How JournalPlus Helps
JournalPlus’s analytics dashboard includes built-in time-of-day filtering, letting you slice your entire trade history by entry hour in seconds — no spreadsheet exports required. The trade review process integrates time-bucket data directly into weekly review workflows, so your session performance is front and center rather than buried in a CSV. Session tags (pre-market, open, midday, power-hour, AH) can be applied at trade entry and used as filter dimensions alongside setup type, ticker, and direction — making it straightforward to answer questions like “what is my profit factor on breakout setups taken during power hour only?” For part-time traders who can only trade during specific windows, this analysis is especially actionable: confirming that your available trading hours align with your actual edge is the fastest path to improving net performance.
People Also Ask
What is the best time of day to trade stocks?
The answer depends on your strategy and your own data. As a starting point, NYSE volume peaks in the first and last 30 minutes of the session — the "smile curve" — making 9:30–11am ET and 3–4pm ET the highest-activity windows. But the only reliable answer comes from filtering your own trade journal by entry hour and measuring your actual win rate and profit factor per bucket.
Why do most traders lose money during the lunch hour?
From roughly 11:30am–1:30pm ET, institutional volume drops sharply, spreads widen, and price action becomes choppy. Breakout setups produce more false signals, and commission drag becomes a larger percentage of small moves. The range during this window is often 2–4x tighter than the opening 30 minutes.
How many trades do I need per time bucket for the analysis to be valid?
A minimum of 30 trades per bucket is required for statistically meaningful conclusions.
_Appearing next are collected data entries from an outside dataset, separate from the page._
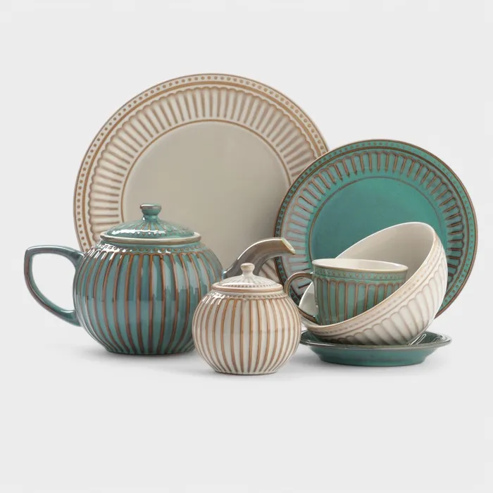 Изготовленные из высококачественной керамики, они обладают прочной конструкцией и рельефной текстурой, что делает их не только красивыми, но и практичными. Бежевый цвет и стильный узор придают им уникальный шарм, который легко вписывается в любой интерьер, будь то современная кухня или классическое застолье.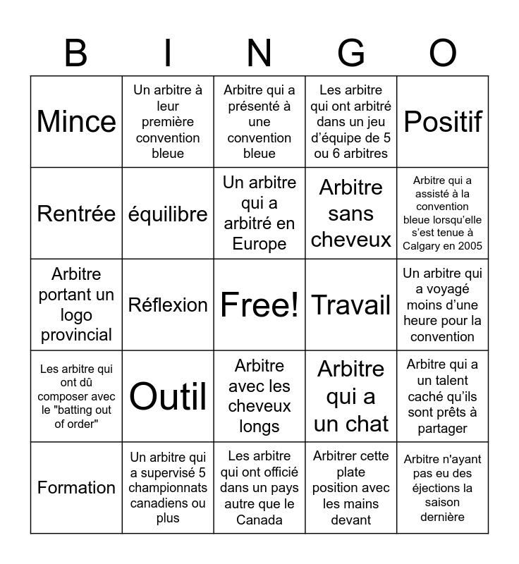 This bingo card has a free space and 24 words: Outil, Un arbitre qui a supervisé 5 championnats canadiens ou plus, Un arbitre qui a arbitré en Europe, Formation, Positif, Mince, Rentrée, Un arbitre à leur première convention bleue, Travail, Arbitre avec les cheveux longs, Arbitre sans cheveux, Arbitre portant un logo provincial, Arbitre qui a un chat, Arbitre qui a un talent caché qu’ils sont prêts à partager, équilibre, Arbitrer cette plate position avec les mains devant, Un arbitre qui a voyagé moins d’une heure pour la convention, Arbitre qui a présenté à une convention bleue, Arbitre qui a assisté à la convention bleue lorsqu’elle s’est tenue à Calgary en 2005, Réflexion, Arbitre n'ayant pas eu des éjections la saison dernière, Les arbitre qui ont dû composer avec le "batting out of order", Les arbitre qui ont arbitré dans un jeu d’équipe de 5 ou 6 arbitres and Les arbitre qui ont officié dans un pays autre que le Canada.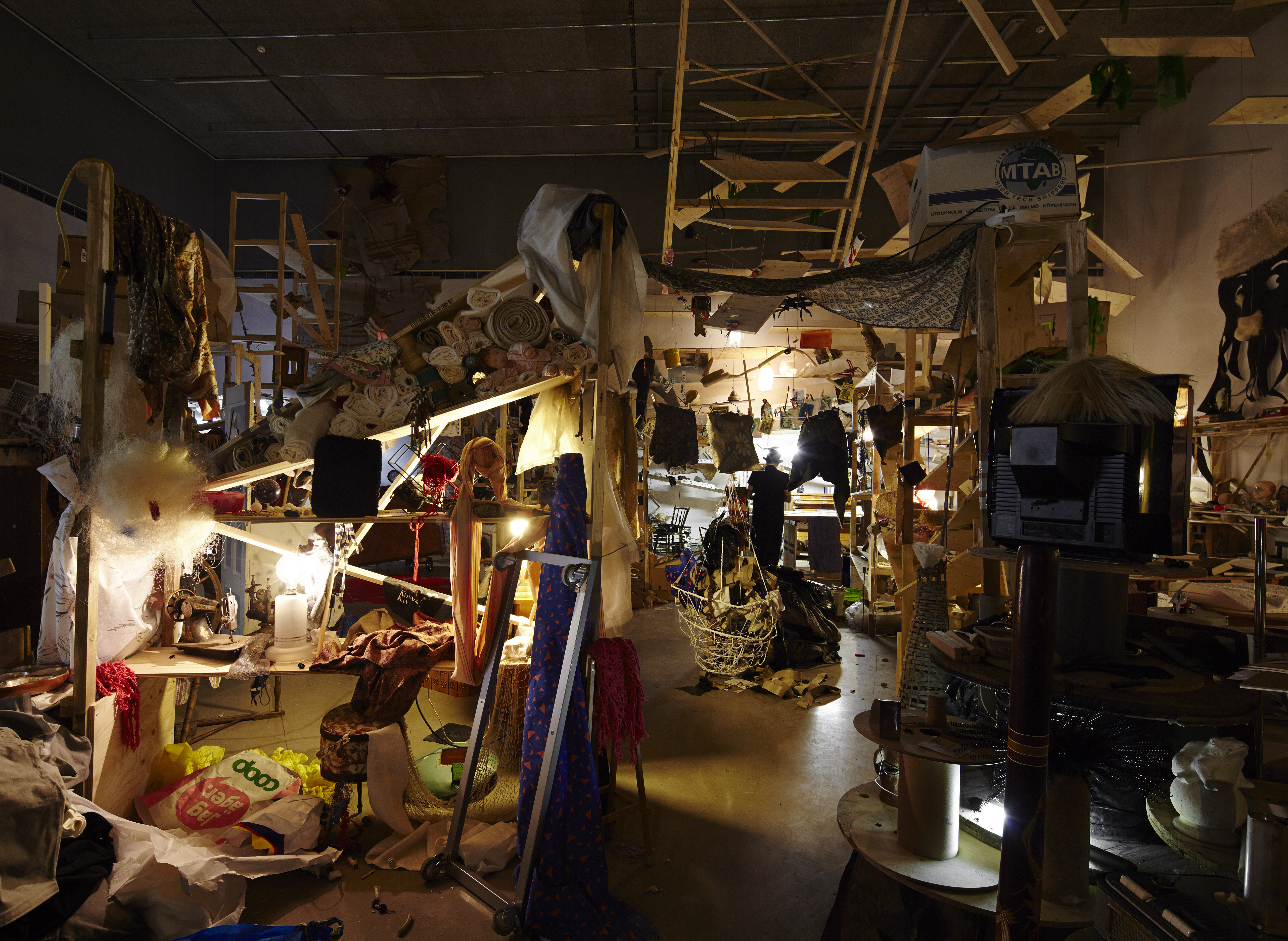 Till en början känns man sig desorienterad, men efter att ha gått ett par varv längs gångar som löper genom installationen börjar jag själv upprätta ett sammanhang, tänka mig att allt är en slags hemvist. Delvis fysisk men kanske mest mental. Här finns ett ritbord, stora dockhuvuden, lermodeller, en skrivmaskin – som om någon ägnat tid åt att försöka skapa ordning i ett oöverskådligt kaos, vare sig det är ett inre eller ett yttre. Genom verket rör sig magikern – en man med hög katt och svart kostym med avklippta armar. Han flätar ett rep, bär runt på en bok, sitter och vilar, läser. Utför handlingar som tycks vara slumpmässiga, utan syfte.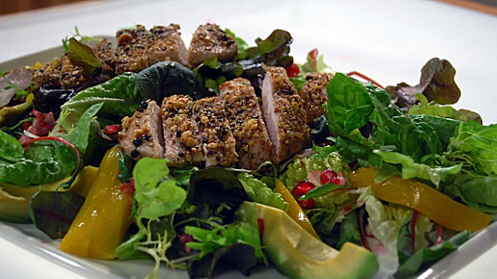 Aloita salaatin valmistus maustamalla ja kypsentämällä broilerin fileet. Mausta fileet suolalla ja anna maustua hetki. Murskaa sillä aikaa pähkinät ja viispippuriseos hienoksi tehosekoittimessa tai muovipussissa kaulimen avulla ja kaada seos lautaselle. Kaada kevyesti öljyä fileiden pintaan ja pyörittele ne pähkinämausteseoksessa. Kuumenna paistinpannu ja paista nopeasti väri fileisiin. Nosta ne uunivuokaan ja kypsennä mehukkaan kypsäksi uunissa 175 asteessa 20 minuutin ajan.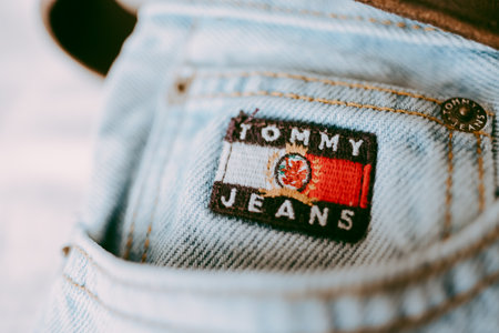 Closeup of Tommy Hilfiger label on blue jeans. Hilfiger Denim. Tommy Hilfiger blue jeans detail.

Fewer than 30 trades can produce a profit factor or win rate that looks compelling but reflects noise rather than genuine edge.
Does the same time-based edge apply to futures traders?
Not exactly. ES and NQ futures trade nearly 24 hours, adding session dynamics that equity traders don't face — including the London open at 3am ET and US pre-market activity from 8–9:30am ET. Futures traders should analyze these windows separately from the regular trading hours session.
Should I stop trading entirely during my weak time windows?
That depends on your setup. Options include going flat, switching to paper mode, reducing position size by 50%, or simply stepping away from the screen. The key is committing to a written rule rather than making real-time decisions about whether "this setup is different."